Мне, Париж, желанна и знакома

Власть забвенья, хмель твоей отравы…

А в душе – пустыня Меганома,

Зной и камни, и сухие травы…

Смешался, потом сказал смущенно:

– Нет, нет, вы правы: надо побывать там. Непременно.

– Я не говорил этого, – отозвался Сапожников. – Хотя, может быть, и неплохо бы… Так вы, значит, поэт? А я думал, вы…

– Поэт по преимуществу. Впрочем, я и художник. А также художественный критик. Вот почему ваши слова о факте и документе не могли оставить меня равнодушным. Я так же, как вы, уверен, что документ или факт – основа искусства. Однако документ должен быть не только найден и воспринят (что составляет большую заслугу художника, вы правы), он еще должен быть забыт. Да, да, он должен быть забыт, должен стать частью художника в такой степени, чтобы не достигать больше его сознания. Только тогда, приходя из подсознания, он способен будет приносить пользу.

– Это элементарно… Не знаю, почему вы говорите об этом? Если речь идет о предметах в моем творчестве…

– Да, о предметах и символах. Освобождение от документа – в символе. Символ рождается из материала картины, но он почти всегда бессознателен для творца…

– Ну, более или менее, – согласился Сапожников.

– Ведь то, что художник хотел сказать своей картиной, и то, что в ней можно прочесть, редко совпадает.

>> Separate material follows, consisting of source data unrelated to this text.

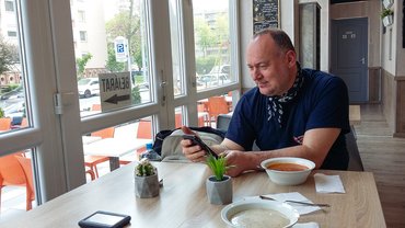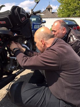 Még csak tizenegy volt, de megint alaposan áthűltünk, ráadásul én szerelvényt akartam igazítani. Egy á la carte étterem előtt letámasztottuk a gépeket, én előbányásztam a szerszámos csomagot, hengerfejet húztam, mert az olajnyomokból és a sziszegésből azt gyanítottam, kompressziót veszítek. Lehetett rajta tekerni, ez tény, de egy új tömítés talán többet tett volna. Mindenesetre meglett a sziszegés forrása is – a kipufogó hollandere lelazult. Azt is visszatekertem, mehetünk be.
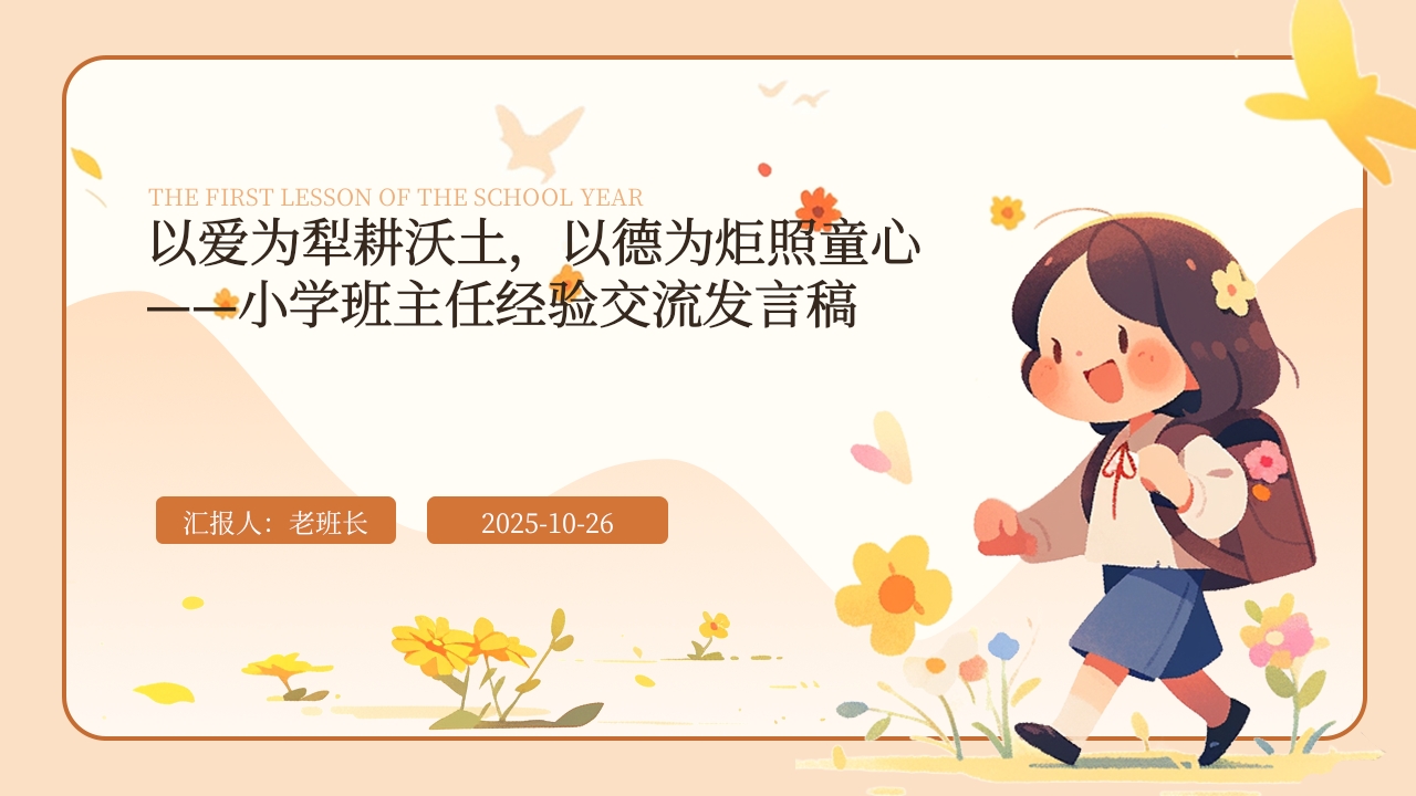首页PPT模板小学班主任经验交流发言稿:以爱为犁耕沃土,以德为炬照童心
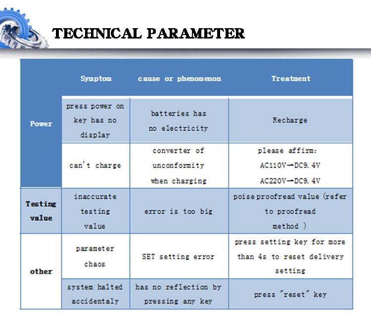 12. Режим питания: 5 никель-цианогенных батарей/220 В переменного тока зарядки 4 ~ 6 часов.
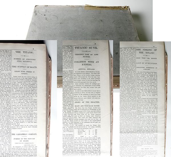 Sinking of the Titanic. the Times, London, Monday, April 2-Saturday, June 29, 1912. Nos. 39,861-39,938, 77 issues, full folio, bound in one volume. (24 3/8 x 19 in.; 610 x 500 mm.). Missing first eight pages of April 2nd issue and two pages of the June 29th issue, affecting no Titanic reports. Few occasional short tears mended, papers clean and white with none of the browning normally seen contemporary U.S. newsprint. Boards worn and loose. Altogether a very fine volume.
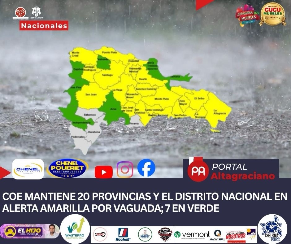 El Centro de Operaciones de Emergencias (COE) informó que mantiene 20 provincias y el Distrito Nacional en alerta amarilla, mientras que otras siete permanecen en alerta verde, debido a un ambiente húmedo e inestable provocado por una vaguada, el calentamiento diurno y la incidencia del viento del este/sureste.
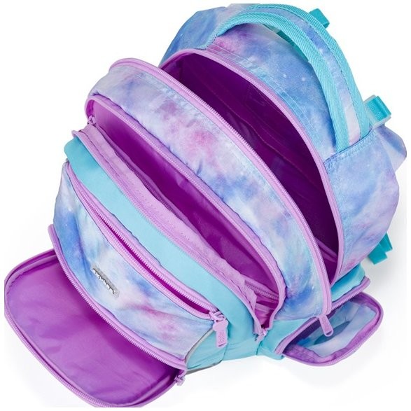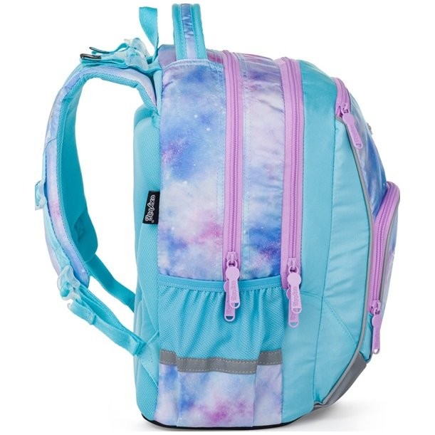 iskolatáska modern dizájnjával és átgondolt funkcionalitásával lenyűgöző. A hátizsák ideális 1. és 3. osztály közötti, 125 cm magas gyermekek számára. Anatómiailag formázott, légáteresztő hátrésszel és állítható vállpántokkal rendelkezik a kényelmes viselet érdekében. Az Iskolai táska akasztókkal van ellátva a hosszú pántok rögzítéséhez. A belső zsebek elegendő helyet kínálnak tankönyveknek, füzeteknek és egyéb szükséges tárgyaknak, a masszív, vízálló alj védi a tartalmat a szennyeződésektől és a kiömléstől. Az oldalsó zsebek, egy cipzáras és egy nyitott, például kulacsnak szolgálnak. Fényvisszaverő elemek biztosítják a biztonságot.

Окончательную словесную формулировку живописный символ получает только в восприятии зрителя… А у вас…

– Что у меня? – удивленно спросил Сапожников.

– Не у вас… Может быть, не у вас, вернее, не только у вас… Большим уроном последнего времени вообще является тот факт, что живопись, которая всегда была, по существу, искусством символическим, заразили литературными символами, символизм форм стали подменять символизмом слова…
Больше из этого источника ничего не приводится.